Saved entries:
====

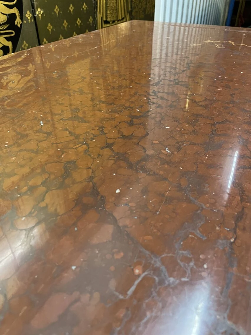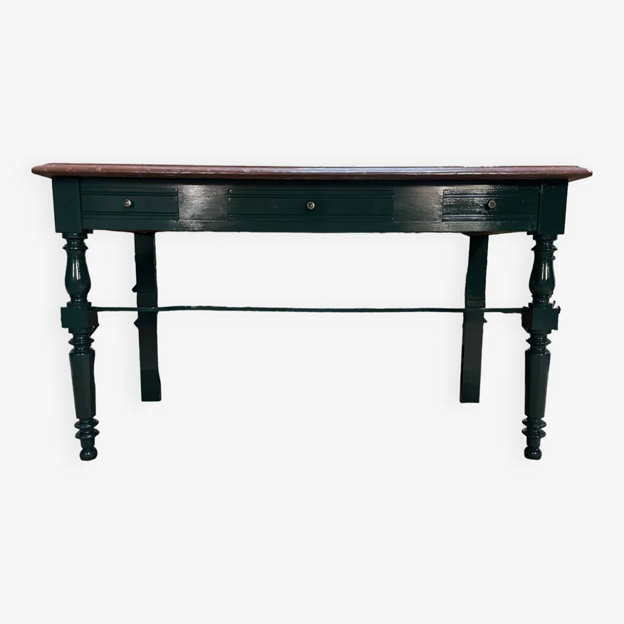 Louis philippe style dressing table / dressing table in painted wood and thick rouge griotte marble.
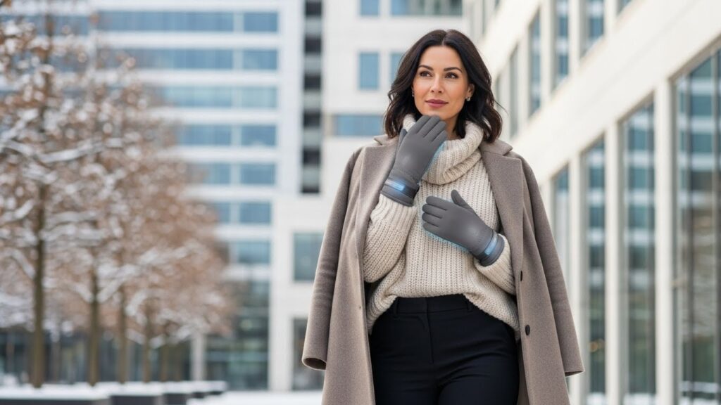 Crafted with breathable yet insulating fabric, these gloves keep your hands warm without feeling bulky. The smart heating system allows for consistent warmth, making them ideal for extended wear during cold weather. Perfect for office work, driving, cycling, or outdoor activities, these gloves combine modern functionality with a stylish, feminine design. They are an excellent winter accessory for women who need warmth without sacrificing mobility.
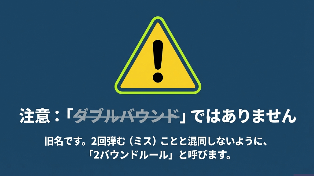 余談になりますが、以前まではツーバウンドルールは「ダブルバウンスルール」と呼ばれていました。しかし、2018年の公式ルール改訂によって「ツーバウンドルール(Two-Bounce Rule)」へと名称が統一された経緯があります。
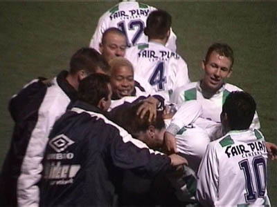 Dejan Curovic heeft net gescoord, en hij wordt gefeliciteerd door zijn ploeggenoten. |
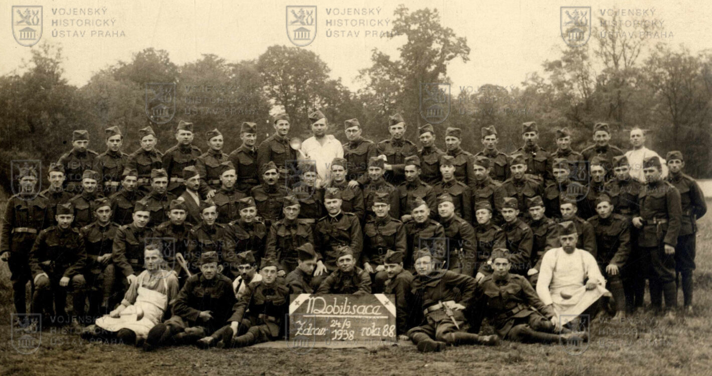 Na fotografii lze spatřit záložníky zdravotní roty, povolané do zbraně během mobilizace v září 1938. Mobilizace a přechod státu do branné pohotovosti byly vyhlášeny vyhláškou č.183/1938 Sb. z. a n. ze dne 23. září 1938. Plný text zněl: „Vláda republiky Československé vyhlašuje podle § 57 odst. 1 a 3 zákona ze dne 13. května 1936, č. 131 Sb. z. a n., o obraně státu, den 23. září 1938, jimž byla nařízena presidentem republiky podle § 23 branného zákona mobilisace, za den vstupu státu Československého do branné pohotovosti. Jan Syrový v. r.“

====

* [REQUIREMENT]: Set down each record above exactly as it stands and leave out all pictures.

* [YOUR RESPONSE]:
 Louis philippe style dressing table / dressing table in painted wood and thick rouge griotte marble.
 Crafted with breathable yet insulating fabric, these gloves keep your hands warm without feeling bulky. The smart heating system allows for consistent warmth, making them ideal for extended wear during cold weather. Perfect for office work, driving, cycling, or outdoor activities, these gloves combine modern functionality with a stylish, feminine design. They are an excellent winter accessory for women who need warmth without sacrificing mobility.
 余談になりますが、以前まではツーバウンドルールは「ダブルバウンスルール」と呼ばれていました。しかし、2018年の公式ルール改訂によって「ツーバウンドルール(Two-Bounce Rule)」へと名称が統一された経緯があります。
 Dejan Curovic heeft net gescoord, en hij wordt gefeliciteerd door zijn ploeggenoten. |
 Na fotografii lze spatřit záložníky zdravotní roty, povolané do zbraně během mobilizace v září 1938. Mobilizace a přechod státu do branné pohotovosti byly vyhlášeny vyhláškou č.183/1938 Sb. z. a n. ze dne 23. září 1938. Plný text zněl: „Vláda republiky Československé vyhlašuje podle § 57 odst. 1 a 3 zákona ze dne 13. května 1936, č. 131 Sb. z. a n., o obraně státu, den 23. září 1938, jimž byla nařízena presidentem republiky podle § 23 branného zákona mobilisace, za den vstupu státu Československého do branné pohotovosti. Jan Syrový v. r.“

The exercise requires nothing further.